(Entries shown Opens)

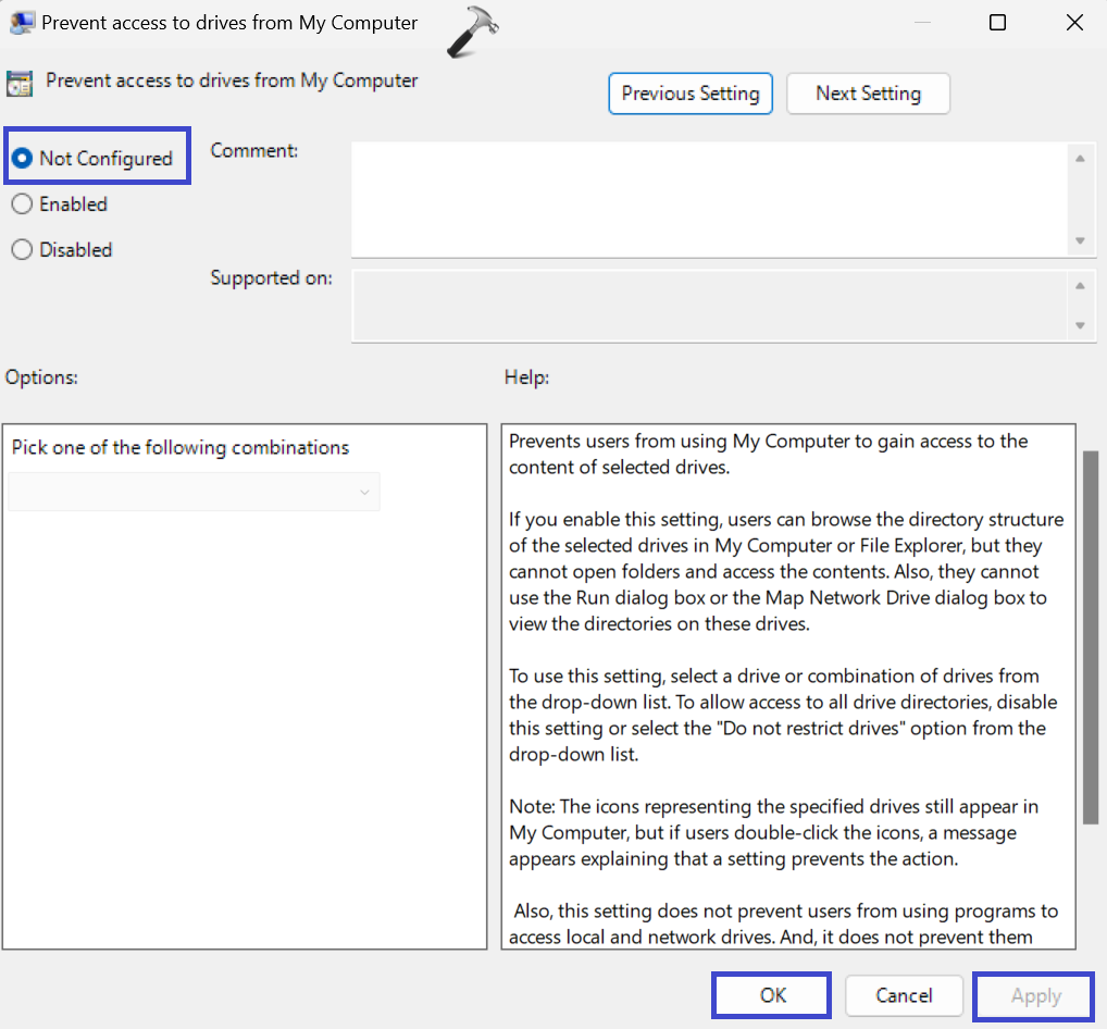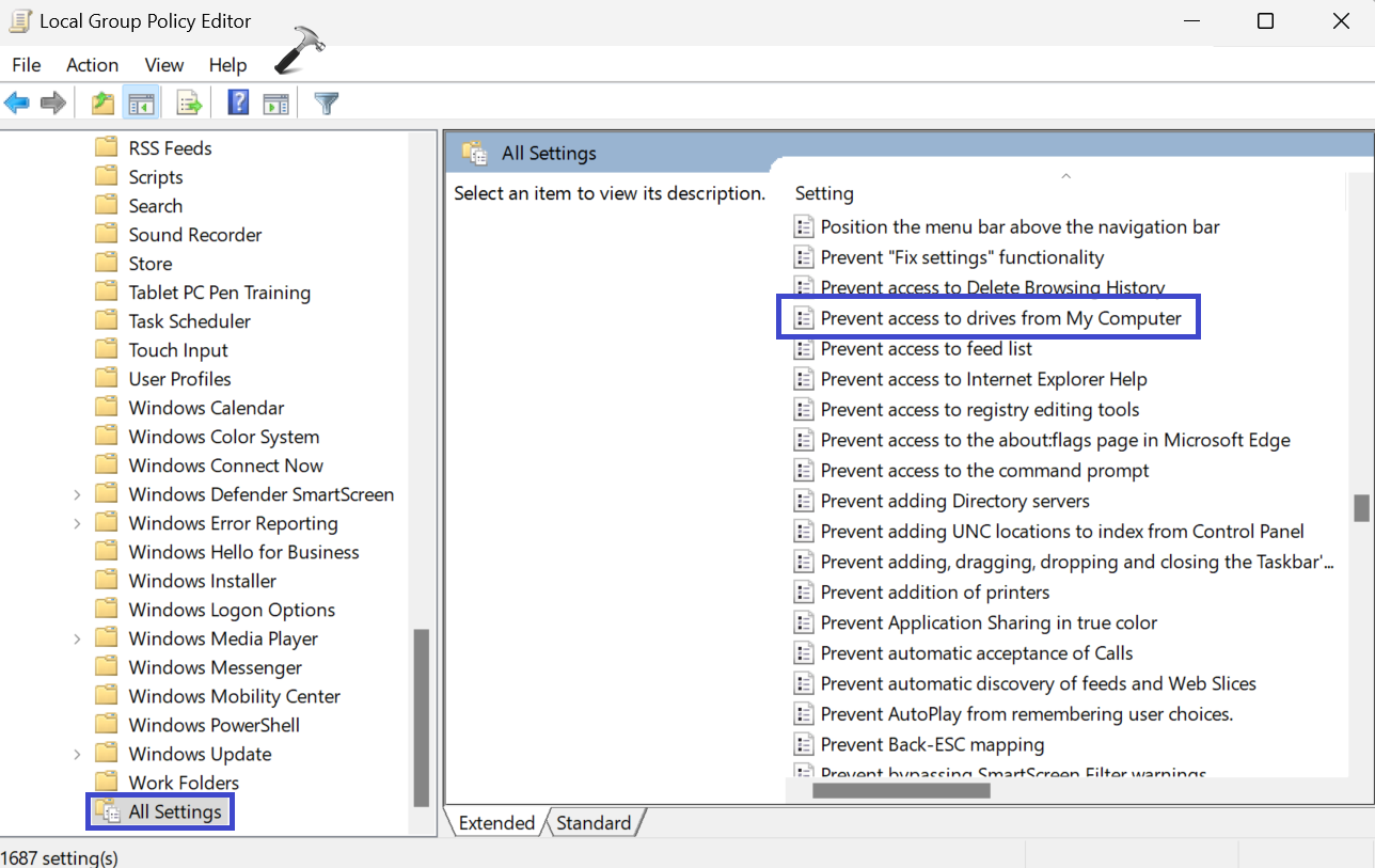 3. Kattintson duplán a „Megakadályozza a számítógépem meghajtókhoz való hozzáférést a számítógépemről„.
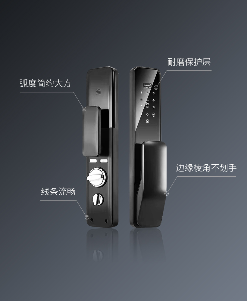 将原本枯燥的五金产品门锁打造成令人悦目的电子产品。在外观方面,简约大方优雅的弧度以及流畅的线条,带来一种强烈的视觉延伸感;在铸造工艺方面,覆上了一层耐磨的保护层,使得门锁颜色能够长期保持不易褪色,边缘棱角等细节不划手,不论是观感还是触感都带有极佳的体验。
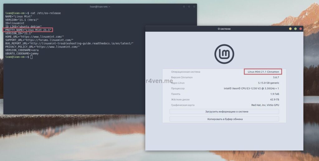 Проверить версию нашей ОС можно таким же образом, как мы делали это ранее: в программе «О системе» из главного меню или командой cat /etc/os-release в терминале:
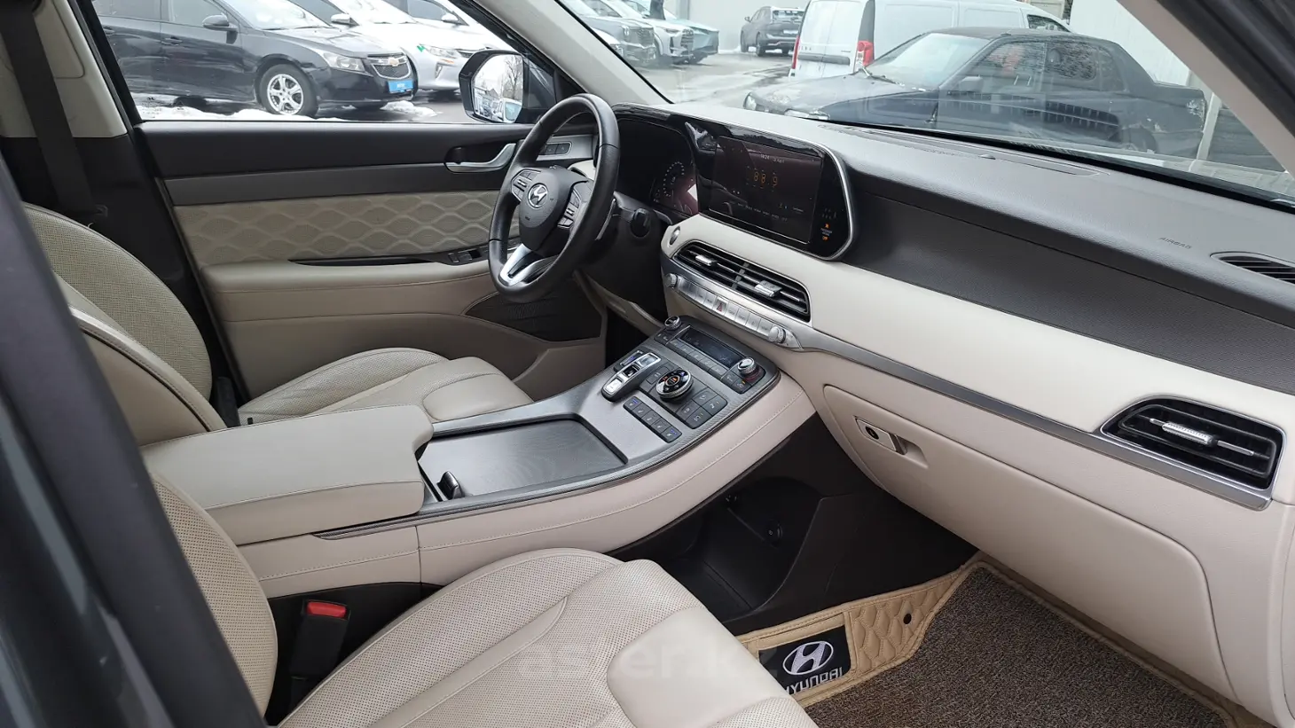 Hyundai Palisade 2021 года — Полностью в родном окрасе вплоть до бамперов, комплектация самая полная calligraphy , просторный и технологичный 7-местный кроссовер, сочетающий мощный внешний вид, высокий уровень комфорта и современные опции. Автомобиль выполнен в элегантном сером цвете, который подчёркивает его статус и внушительные формы. Салон отделан светлой кожей, создавая атмосферу премиальности и уюта. Для максимального комфорта предусмотрены подогрев и вентиляция (обдув) сидений, что обеспечивает удобство в любое время года. Круиз-контроль делает дальние поездки более лёгкими и комфортными, позволяя поддерживать заданную скорость без лишнего напряжения. Под капотом установлен бензиновый двигатель объёмом 3.8 литра , обеспечивающий отличную динамику и уверенную тягу даже при полной загрузке. Автоматическая коробка передач гарантирует плавное переключение, а полный привод добавляет устойчивости и безопасности на разных типах дорожного покрытия
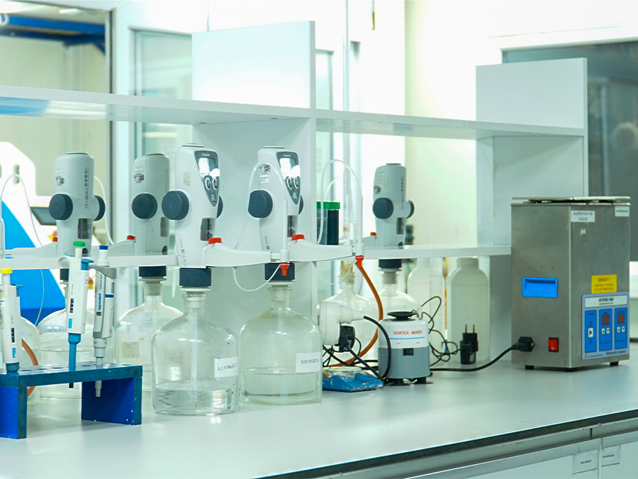 Kimyasal Laboratuvarda kullanılan HPLC, AAS ve UV-Vis Spektrometre cihazları, kaplama banyolarındaki organik bileşenlerin ve metal iyonlarının konsantrasyonlarını yüksek hassasiyetle belirlerken, NSS Test Cihazı ile ürün validasyonuna yönelik korozyon direnci ölçülmektedir.
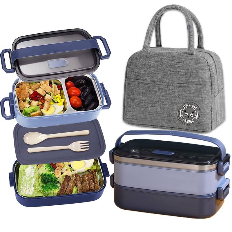 - Lunch box kit: the package includes: 1 x 1100 stainless steel lunch box, 1 x lunch bag. The Bento boxes are made of high-quality PP and 304 stainless steel, safe, no BPA, odourless. The Bento boxes come with a handle and 2 stainless steel containers in 500 ml and 600 ml, 3 compartments, keep your food clean and tidy without mixed flavours.
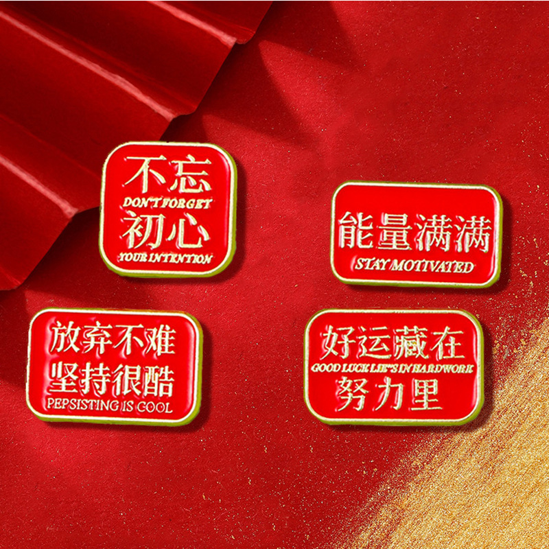 初心を忘れないブローチ、赤いインスピレーションを与えるバッジ、幸運と祝福の金属製バッグピン、アクセサリー、新学期ギフトバッジ
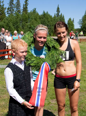 Kristin Gausen, Inderøy, var raskest i årets dameklasse med tiden 35:03. Her sammen med Mari Riseth Guin, Frol, som var nest best og kransegutten Ole Einar Julnes.
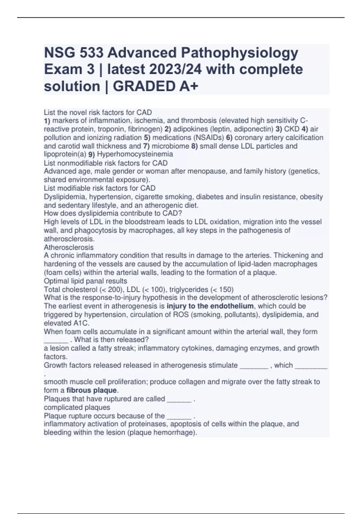 NSG 533 Advanced Pathophysiology Exam 3 | latest 2023/24 with complete solution | GRADED A+ List the novel risk factors for CAD 1) markers of inflammation, ischemia, and thrombosis (elevated high sensitivity C-reactive protein, troponin, fibrinogen) 2) adipokines (leptin, adiponectin) 3) CKD 4) air pollution and ionizing radiation 5) medications (NSAIDs) 6) coronary artery calcification and carotid wall thickness and 7) microbiome 8) small dense LDL particles and lipoprotein(a) 9) Hyperhomocysteinemia List nonmodifiable risk factors for CAD Advanced age, male gender or woman after menopause, and family history (genetics, shared environmental exposure). List modifiable risk factors for CAD Dyslipidemia, hypertension, cigarette smoking, diabetes and insulin resistance, obesity and sedentary lifestyle, and an atherogenic diet. How does dyslipidemia contribute to CAD? High levels of LDL in the bloodstream leads to LDL oxidation, migration into the vessel wall, and phagocytosis by macrophages, all key steps in the pathogenesis of atherosclerosis. Atherosclerosis A chronic inflammatory condition that results in damage to the arteries. Thickening and

(Entries shown Closes)

How to complete this task - The first line of the entries, the line containing "Проверить версию нашей", and every line between them are to be output exactly; pictures are not.

Answer below -
 3. Kattintson duplán a „Megakadályozza a számítógépem meghajtókhoz való hozzáférést a számítógépemről„.
 将原本枯燥的五金产品门锁打造成令人悦目的电子产品。在外观方面,简约大方优雅的弧度以及流畅的线条,带来一种强烈的视觉延伸感;在铸造工艺方面,覆上了一层耐磨的保护层,使得门锁颜色能够长期保持不易褪色,边缘棱角等细节不划手,不论是观感还是触感都带有极佳的体验。
 Проверить версию нашей ОС можно таким же образом, как мы делали это ранее: в программе «О системе» из главного меню или командой cat /etc/os-release в терминале:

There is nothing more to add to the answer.